Washington University School of Medicine (WUSM) in St. Louis now leads a Phase 3 clinical trial, funded by the National Institutes of Health (NIH), testing the potential of three inflammatory disease-drugs in a bid to address and treat the cytokine storm associated with the novel coronavirus as well as shorten hospital stays and reduce the need for dependence on ventilators to augment breathing.
SARS-CoV-2 has been associated with autoimmune disease-like conditions once a patient is done with the viral infection.

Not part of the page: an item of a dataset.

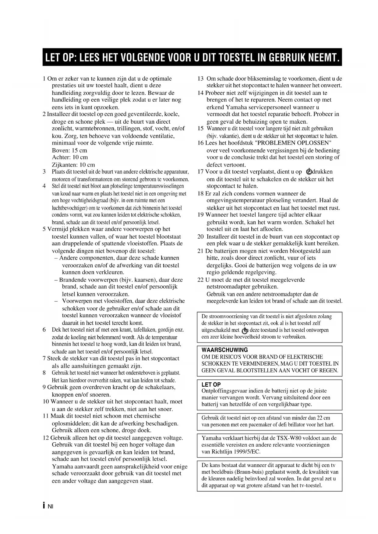 Installeer dit toestel in de buurt van een stopcontact op een plek waar u de stekker gemakkelijk kunt bereiken. 21 De batterijen mogen niet worden blootgesteld aan hitte, zoals door direct zonlicht, vuur of iets dergelijks. Gooi de batterijen weg volgens de in uw regio geldende regelgeving. 22 U moet de met dit toestel meegeleverde netstroomadapter gebruiken. Gebruik van een andere netstroomadapter dan de meegeleverde kan leiden tot brand of schade aan dit toestel. LET OP: LEES HET VOLGENDE VOOR U DIT TOESTEL IN GEBRUIK NEEMT. De stroomvoorziening van dit toestel is niet afgesloten zolang de stekker in het stopcontact zit, ook al is het toestel zelf uitgeschakeld met . In deze toestand is het toestel ontworpen een zeer kleine hoeveelheid stroom te verbruiken. WAARSCHUWING OM DE RISICO'S VOOR BRAND OF ELEKTRISCHE SCHOKKEN TE VERMINDEREN, MAG U DIT TOESTEL IN GEEN GEVAL BLOOTSTELLEN AAN VOCHT OF REGEN. LET OP Ontploffingsgevaar indien de batterij niet op de juiste manier vervangen wordt. Vervang uitsluitend door een batterij van hetzelfde of een vergelijkbaar type. Gebruik dit toestel niet op een afstand van minder dan 22 cm van personen met een pacemaker of defi brillator voor het hart. Yamaha verklaart hierbij dat de TSX-W80 voldoet aan de essentiële vereisten en andere relevante voorzieningen van Richtlijn 1999/5/EC. De kans bestaat dat wanneer dit apparaat te dicht bij een tv met beeldbuis (Braun-buis) geplaatst wordt, de kwaliteit van de kleuren nadelig beïnvloed zal worden. In dat geval zet u dit apparaat op wat grotere afstand van het tv-toestel.1 Nl Nederlands PREPARATION

For months after, an individual’s immune system can produce immune proteins at the already vanquished virus, writes Julia Evangelou Strait for the WUSM St. Louis News Hub. This reaction can lead to dangerous conditions such as the cytokine storm, which can add to acute respiratory distress syndrome (ADDS) and multiple organ failure, and ultimately death.
William G. Powderly, MD, protocol chair of the international trial and also the J. William Campbell Professor of Medicine and director of the Institute of Clinical and Translational Sciences, commented on this situation, noting, “In severe COVID-19 infection, we think the virus triggers an abnormal immune response, which drives inflammation in the lungs and is the major reason people end up needing ventilators and sometimes dying.”
Dr. Powderly continued, “The viral infection can trigger the need for hospitalization, but the illness that we see in such patients is predominantly an aberrant immune response. About ten days after the initial infection—around the time many people with severe illness are hospitalized—many don’t have the virus anymore, so any antiviral drug can’t do much at this point. We think adding an immune modulator drug may be helpful, and this is designed to determine whether such drugs can benefit patients with severe illness.”
Now, WUSM St. Louis leads a clinical trial enrolling a target of 2,000 patients hospitalized with moderate to severe SARS-CoV-2 around the United States and Latin America. Patients will receive the standard of care treatment (SoC), including remdesivir, which was approved via emergency use authorization as it reduced in one study hospitalization duration from 14 days to 11 days. In addition to SoC, the study team will assign either a placebo or one of three anti-inflammatory drugs.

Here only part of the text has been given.